Katie Garcia, general manager at Captured Tracks records, swears that while their wooden sign may hang over it the label had nothing to do with the diamond plate. Seeing the shop and offices a few steps below it – a bit more tasteful on the whole – I’m inclined to believe her.

The more musically aware among us may know that Greenpoint is host to a thriving community of smaller music labels, among which Captured Tracks has existed for about five years now. Katie, in telling the story of how label owner Mike Sniper made his transition from working at Academy Records to operating CT out of warehouse space behind Co-op 87 with Mexican Summer to running an independently thriving business, certainly makes it sound like the rising tide of local music, along with the vinyl resurgence, has lifted all boats. The stories of the people and labels working to bring us some of the best new music lately are tightly intertwined, and successful on the whole.

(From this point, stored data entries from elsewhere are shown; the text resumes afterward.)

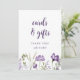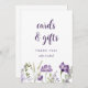 Sinal de Cartões & Presentes: Este sinal de cartões & presentes de flores silvestres roxas boho é 5x7 e perfeito para colocar na mesa de cartões & presentes do seu casamento.
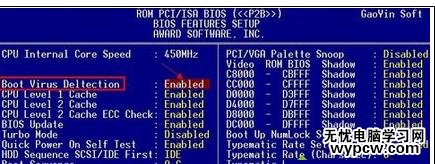 3、重啟電腦,在出現開機畫面時按下鍵盤(對于AWord來說,一般為”F12“鍵)對應鍵進入CMOS設置,進入”BIOS Features Setup”,將“Virus Warning”(病毒警告)設置為“Disabled”;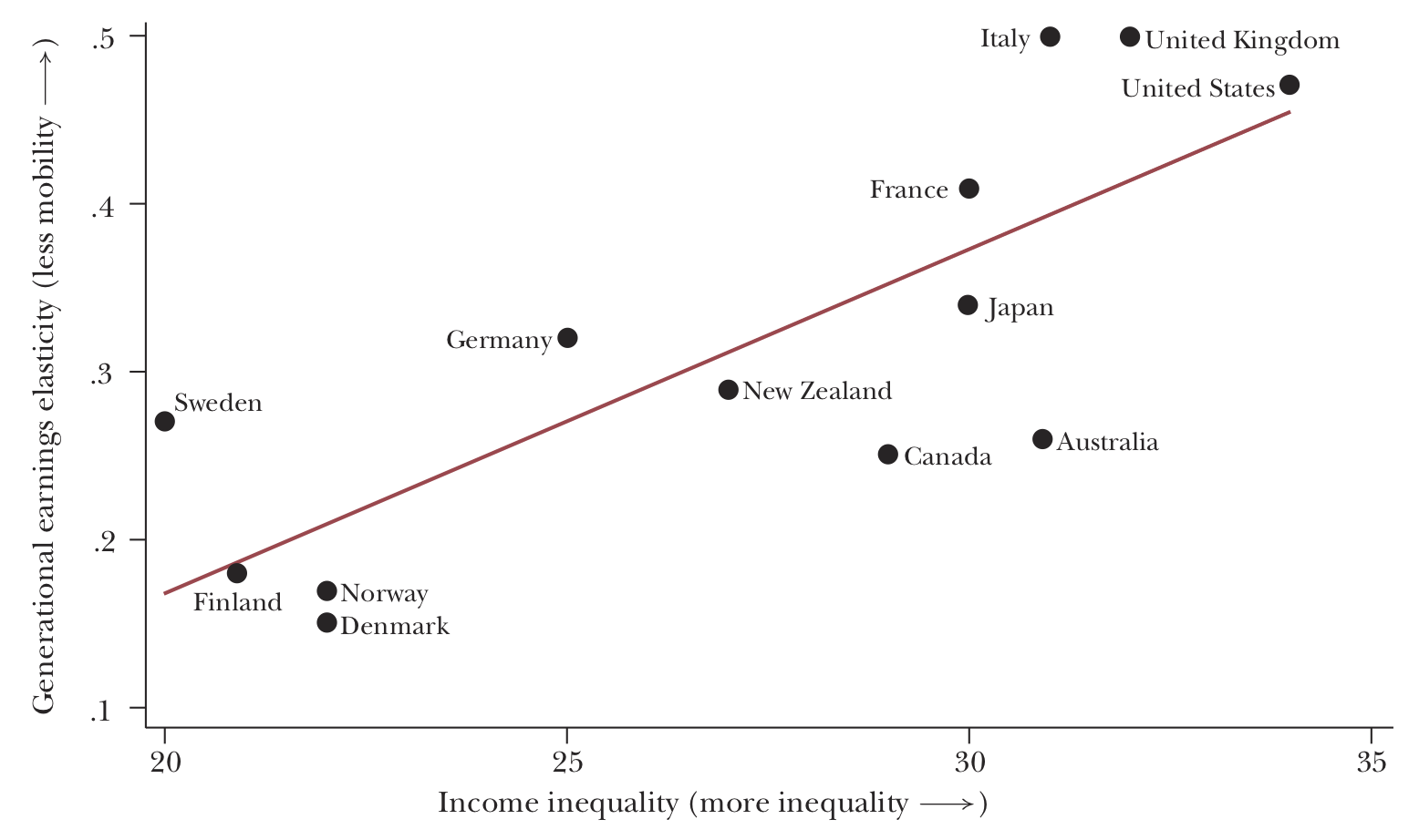 Queste considerazioni suggeriscono che un modo alternativo per interrogarsi circa le implicazioni etiche della disuguaglianza è quello di guardare alla mobilità intergenerazionale dei redditi (o di altre misure rilevanti dal punto di vista socio-economico) definibile come grado di indipendenza degli esiti individuali dalle origini sociali. Una elevata dipendenza del successo socio-economico degli individui dalle condizioni sociali della famiglia di origine è sintomo di limitata uguaglianza di opportunità e suggerisce che la disuguaglianza dei redditi rappresenta un problema di equità sociale, e per questo richiede adeguati interventi di politica economica.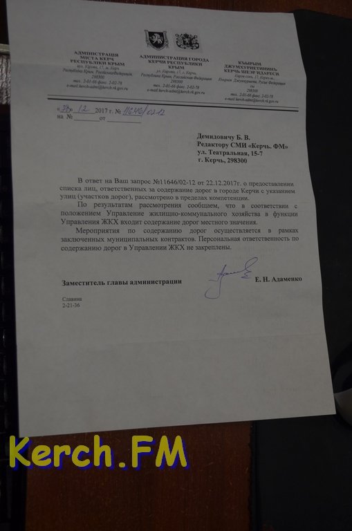 Дорога по улице Бувина входит в перечень дорог местного значения. По информации Администрации города Керчи, содержание дорог местного значения входит в перечень ответственности УЖКХ города.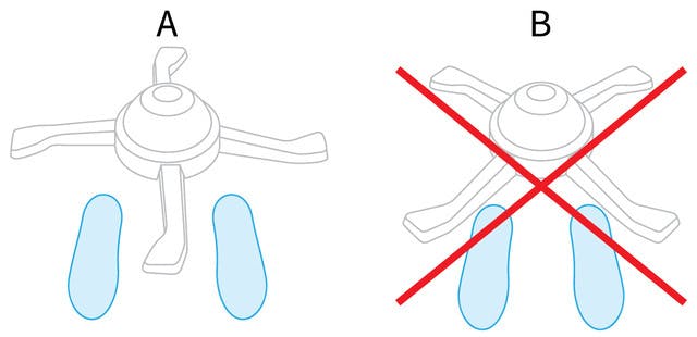 座るときは、足の位置を図Aのように使用することをお勧めします。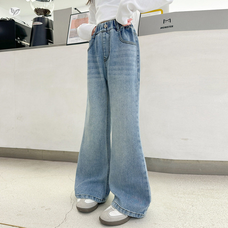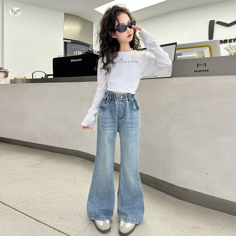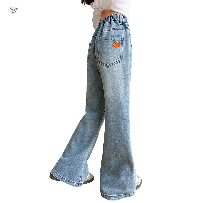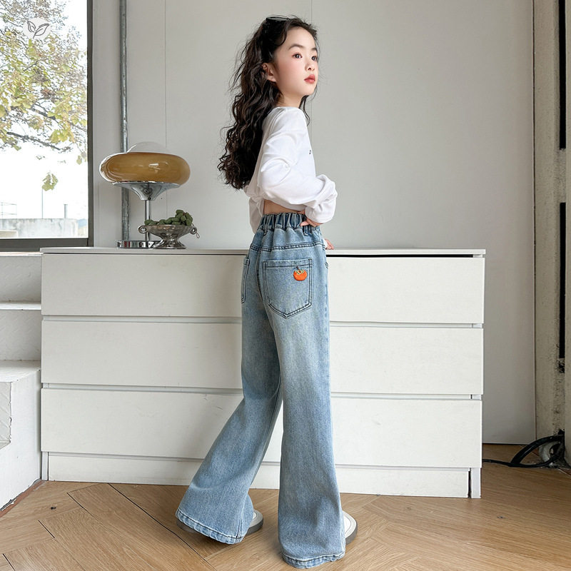 女童春秋后袋刺绣微喇裤2026新款中大童修身牛仔裤浅蓝色长裤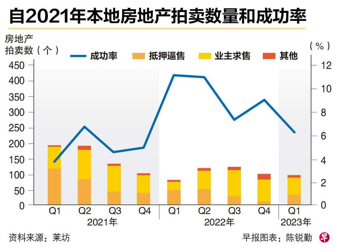 受商业环境疲软影响,虽然今年首季本地房地产拍卖数量比上季减少3%至96个,但抵押逼售(mortgagee sale)却增加了两倍多。分析师预计,随着本地更具挑战的商业环境,以及破产申请增加,下半年抵押逼售的房地产拍卖数量会有所增加。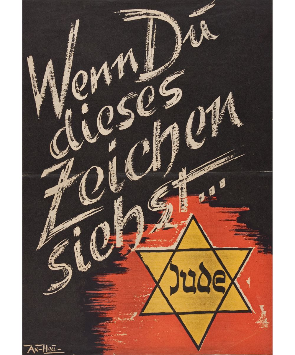 Chilling propaganda flyer, 4pp. large 4to., [n.p., n.d.] bearing on the cover the infamous yellow Star of David with "Jude" printed within, worn by Jews in Germany, with the bold exclamation above : "When you see this sign...". Within, the text continues: Remember what the Jew did to our people...Now it is openly said for the first time what World Jewry wants: 'Death to Germany'...Theodore Nathan Kaufman, President of the American Peace Union, Speaker for World Jewry, in his book publicly exclaimed 'Germany must perish and disappear forever from the planet Earth...'...Judah has decided on the deaths of you and your children...The German Wehrmach will ensure that the terrible, gruesome plan of World Jewry which the Jew Kaufman pronounced to the world will never become a reality...Recognize the true enemy!...". One horizontal bend, else very good.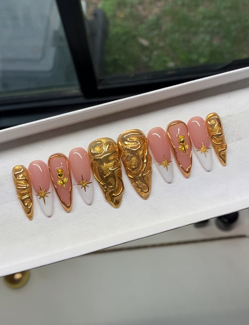 A set of 10 press on nails. Each order of a press on nail set comes with instructions on how to apply the press on nails as well as an option to purchase a nail glue care pack, a sticky tab care pack, or none. I do have an option to purchase and upgraded nail care pack as well. (THIS IS HIGHLY RECOMMENDED) Nails are reusable with the proper care. CUSTOMIZATION IS ALWAYS POSSIBLE.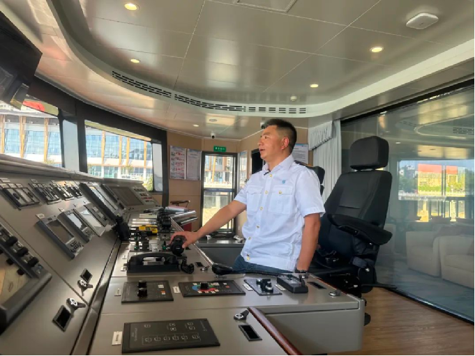 ▲?曾擔(dān)任過(guò)總船長(zhǎng)的湖北三峽旅游集團(tuán)葉勇在船舶駕駛室。攝影:黃欣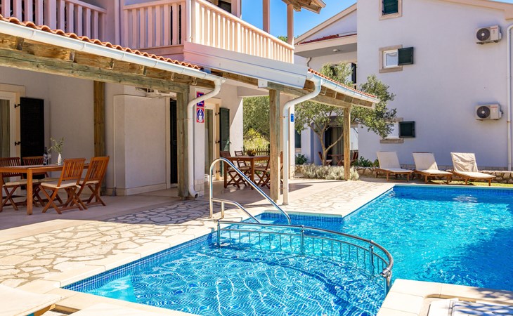 Mooi flatgebouw. In de wijk Palit, 2 km van het centrum van Rab, buiten de plaats, zonnige, verhoogde ligging, 100 m van zee, 250 m van het strand. Voor medegebruik: terrein (omheind), verzorgde tuin met gazon, openluchtzwembad hoekig verwarmd (9 x 4 m, 120 - 160 cm diepte, seizoensgebonden beschikbaarheid: 25.Apr. - 03.Okt.) met trap. Kinderzwembad, buitendouche, tuinmeubelen, barbecue. In het huis: internetaansluiting. Overdekte parkeerplaats bij het huis. Winkel 900 m, restaurant 1 km, bushalte 1.9 km, zandstrand, kiezelstrand 250 m, strandbad 900 m. Tennis 2.5 km. De afgebeelde foto is slechts een voorbeeld. Vergelijkbare accommodaties kunnen worden geboekt. Object referentie: HR3700.301, 310 is gelegen op hetzelfde terrein. Het appartementsgebouw "Pavica" bevindt zich, samen met de appartementsgebouwen "Ivan" en "Mihaela" op een terrein van 1600 m2, met een gemeenschappelijk zwembad met tegenstroom-installatie. Een deel van het zwembad is kinderzwembad, 30-60 cm diep. Ter beschikking: ligstoelen. Het oude centrum van Rab is via een kustpromenade bereikbaar (wandeling van 20 minuten).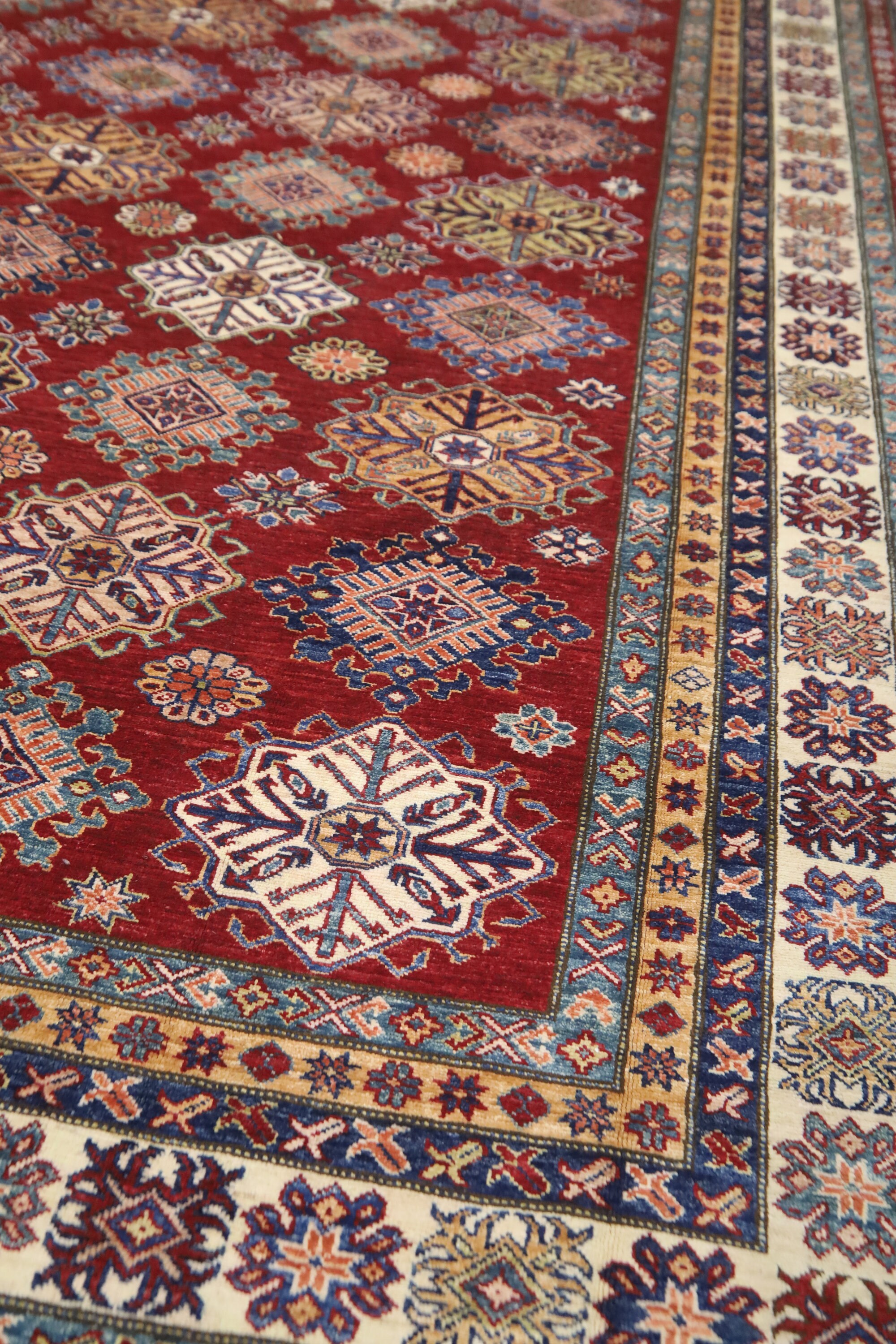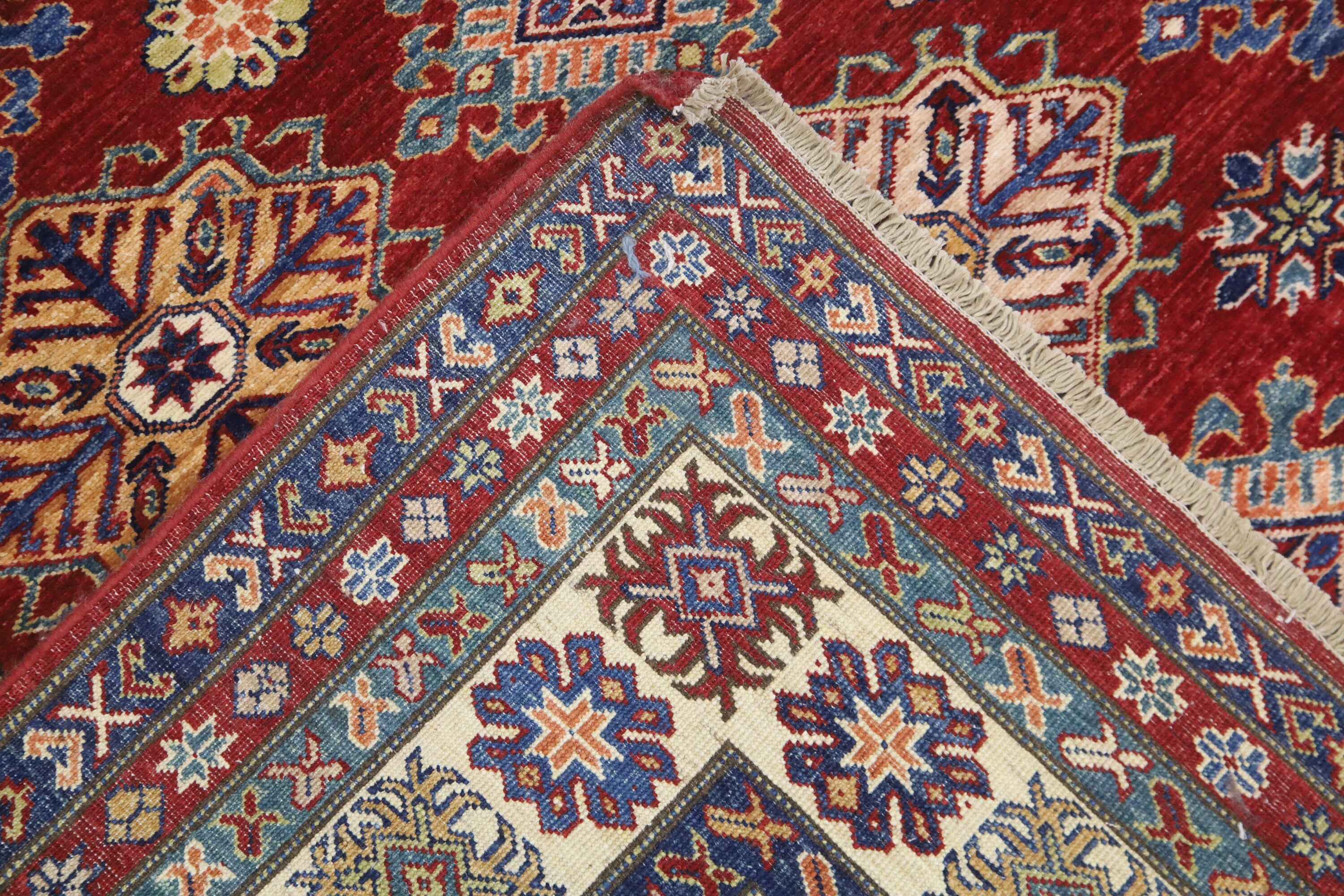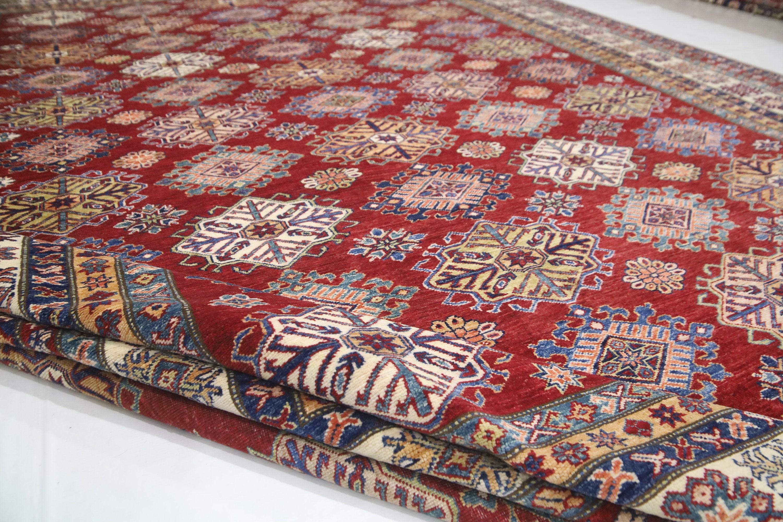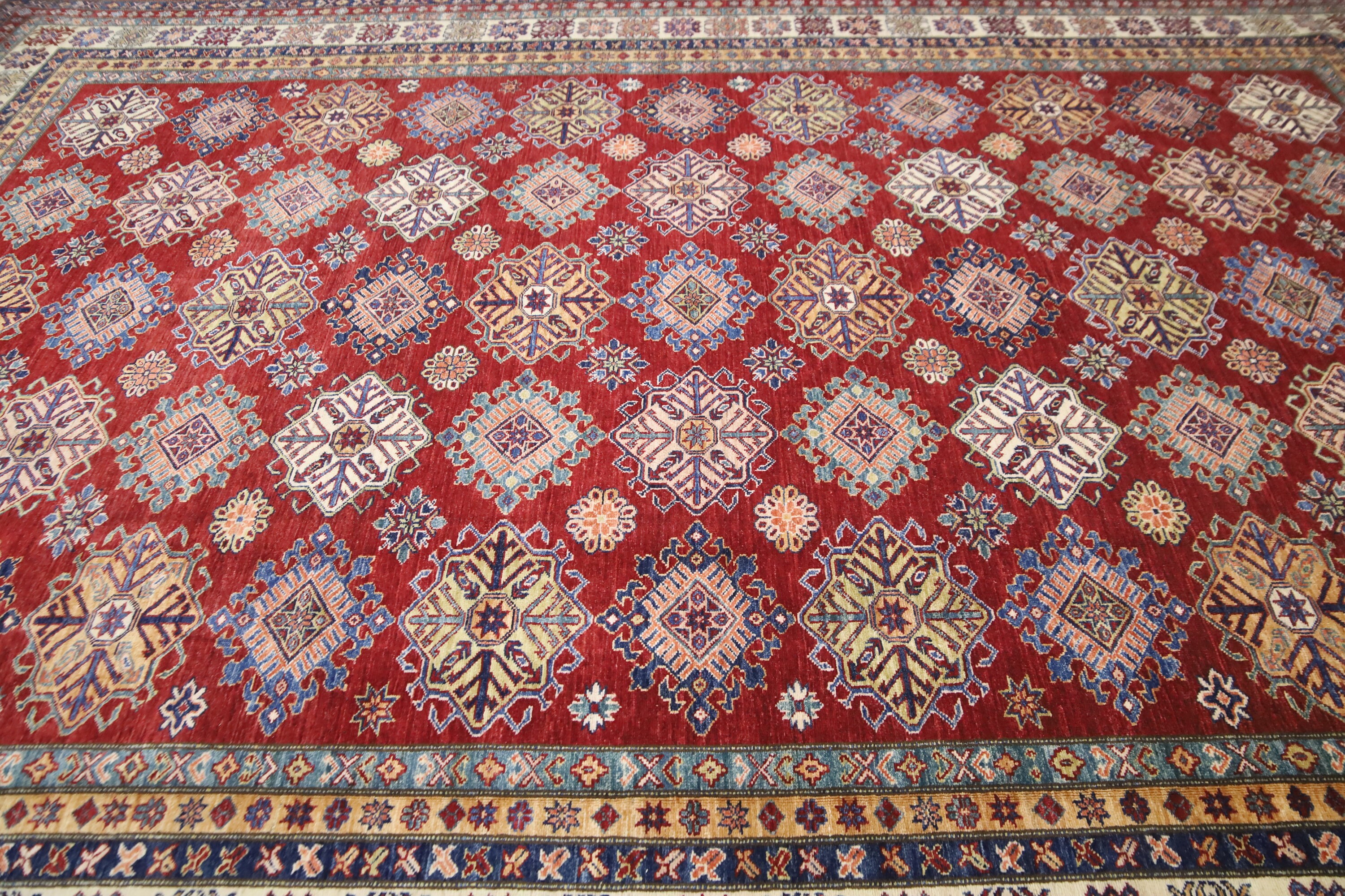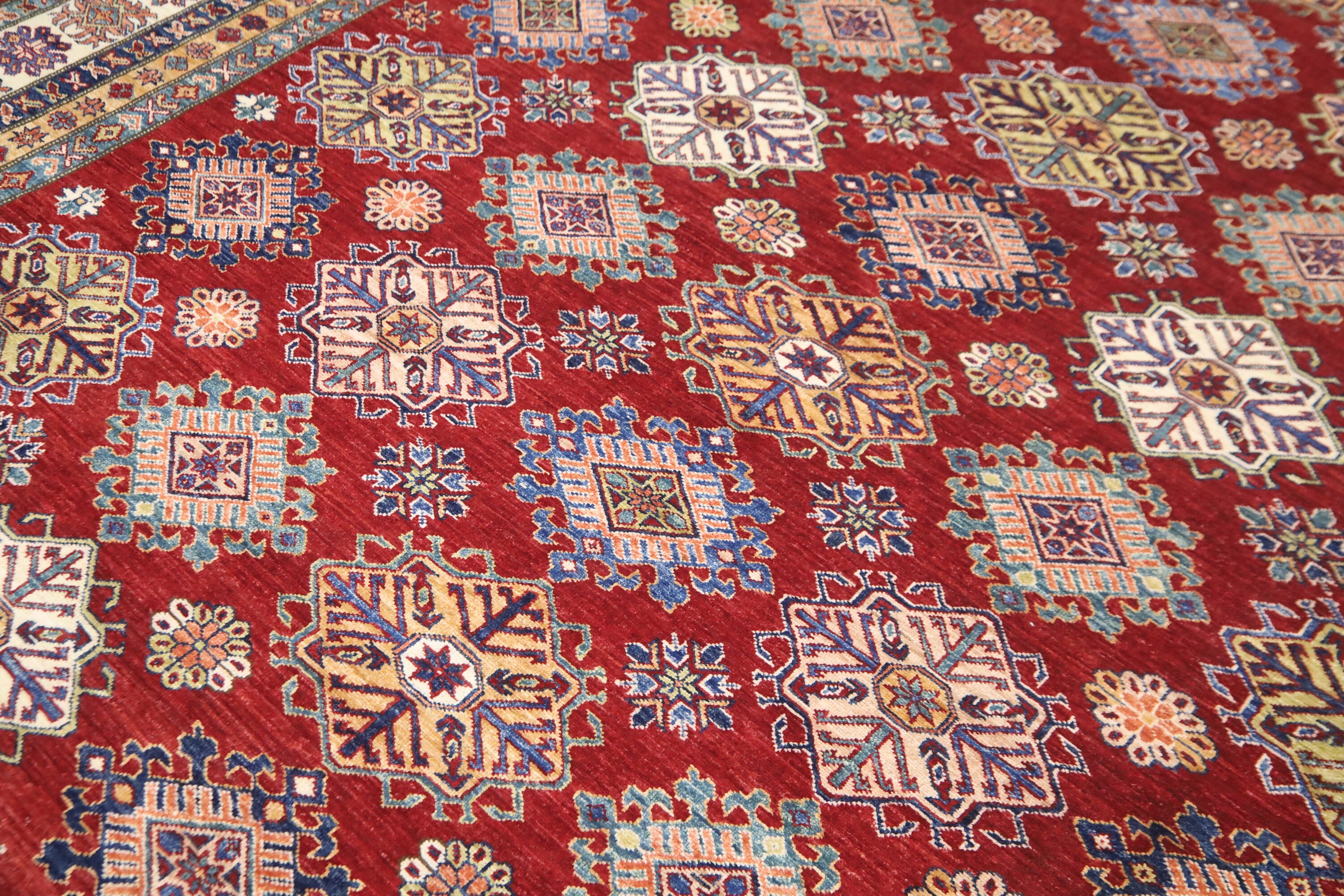 Red 9x12 Kazak Area Rug - Afghan Hand Made Geometric Design Fine Quality Wool Rug - Traditional Rug - Dining Room Rug - Living Room Rug

Captured Tracks now finds itself opening a retail shop that, unsurprisingly, tightly represents the priorities and individual tastes of the people running it. In addition to a very modestly-priced, well-organized selection of used and new records and a great cassette listening section, CT’s shop offers its own catalog: Their primary artists represent a wide variety of genres, from the synth-heavy, electronic Soft Metals to the guitar-driven, pop-inspired Alex Calder. The life of the label is their willingness to take a chance on untested artists, putting interesting songwriting ahead of production quality in their assessment of incoming demos. As a fascinating side project, they also unearth and re-release shoegaze albums – since the genre came about in the mid 1990s at the zenith of the CD, they’re putting much of this music on vinyl for the first time. A strong following has formed around them as the resurrectionists of shoegaze, and this coming year will see rereleases from Alison’s Halo, Blueshift Signal, and the rare Israeli group Plastic Venus.

When not spending whole days listening to demo tapes or trawling through estate sales, the staff of Captured Tracks -largely comprised of Greenpoint residents- mange et boit at Le Gamin on Franklin, going so far as having them cater Katie’s upcoming wedding. I think it’s a good extension of the comfortable, secure feeling of the label and store itself that, when asked for their favorite place to go out in the neighborhood, the answer was the relaxed, all-hours French bistro rather than a loud bar.